In draft proposals seen by the Financial Times, the European Commission recommends that governments impose a levy on revenues generated by non-gas electricity producers when market prices exceed €200/MWh. The current spot price for electricity in Germany, the regional benchmark, is above €450/MWh. Excess revenues would be redistributed to help companies and households.
Wholesale electricity prices have rocketed because they are pegged to the price of gas, whether or not the power is produced from gas or other sources. Gas prices are roughly 10 times higher than they have been compared with averages over the past decade as a result of Russia’s supply cuts in response to western support for Ukraine.
European Commission president Ursula von der Leyen said on Wednesday that low-carbon energy producers were making “enormous revenues, revenues they never calculated, revenues they never dreamt of and revenues they cannot invest as fast”.
These “unexpected profits” should be channelled to member states to support vulnerable consumers and businesses, she said.
The windfall tax is part of a set of five measures put to member states by Brussels on Wednesday in response to the widening energy crisis.
The commission’s proposals include a mandatory reduction in peak electricity demand, a price cap on Russian gas, changes to collateral requirements for electricity companies and tweaks to state aid rules, to allow governments to bail out companies on the brink of collapse.
An official paper outlining the options published on Wednesday did not give specific figures for the level of the windfall threshold, but a senior EU official said they would be set out after an emergency meeting of energy ministers on Friday. The preliminary draft suggested that the cut to peak electricity use should be set at 5 per cent.
The Kremlin warned on Monday that supplies through the critical Nord Stream 1 pipeline would be completely halted until western sanctions were lifted. Gas imports from Russia to the EU have fallen from about 40 per cent of the bloc’s total usage last year to about 9 per cent.
Henning Gloystein, director of energy and climate at Eurasia Group, said a €200/MWh limit on non-gas power generators was “sufficiently high to achieve the intended demand reduction in Europe this winter, while giving industry and small consumers at least some assurance that costs won’t spiral up further”.
Several EU diplomats and analysts said that a blanket threshold for all non-gas producers did not account for coal producers incurring much higher costs than wind or solar power generators. The use of coal in the EU has been rising to compensate for gas cuts.
Brussels has also set out a proposal for a “solidarity contribution” from fossil fuel producers that would be calculated at a national level from the energy majors’ profits.

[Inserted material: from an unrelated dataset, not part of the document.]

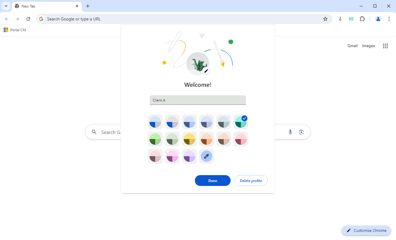 2.) Pick a theme colour and add an avatar. Then enter the name of the profile (e.g. Client A)

The commission has been keen to avoid calling any of the proposed measures taxes. EU-wide tax legislation requires unanimous agreement between member states.
Proposals will be discussed by diplomats from the EU’s 27 member states on Wednesday before the energy ministers’ meeting on Friday.
Von der Leyen said the EU faced “tough times and they are not over soon”, and that any measures taken should be implemented “as quickly as possible”.
EU capitals are generally in favour of plans to encourage reductions in demand as the fastest way to tackle the crisis but are split on how to address spiralling energy prices.
One senior EU diplomat said the commission’s plan had been “well met” by member states but that there were significant differences over the details. Several, including Poland, Greece and Italy, oppose a specific price cap on Russian gas, fearing Moscow will make further supply cuts.
Other nations such as Spain and Austria have called for a separation of gas and electricity markets — something the commission has said it is considering in the long term.
EU officials said the measures proposed on Wednesday would be for a limited time, to be agreed with EU capitals.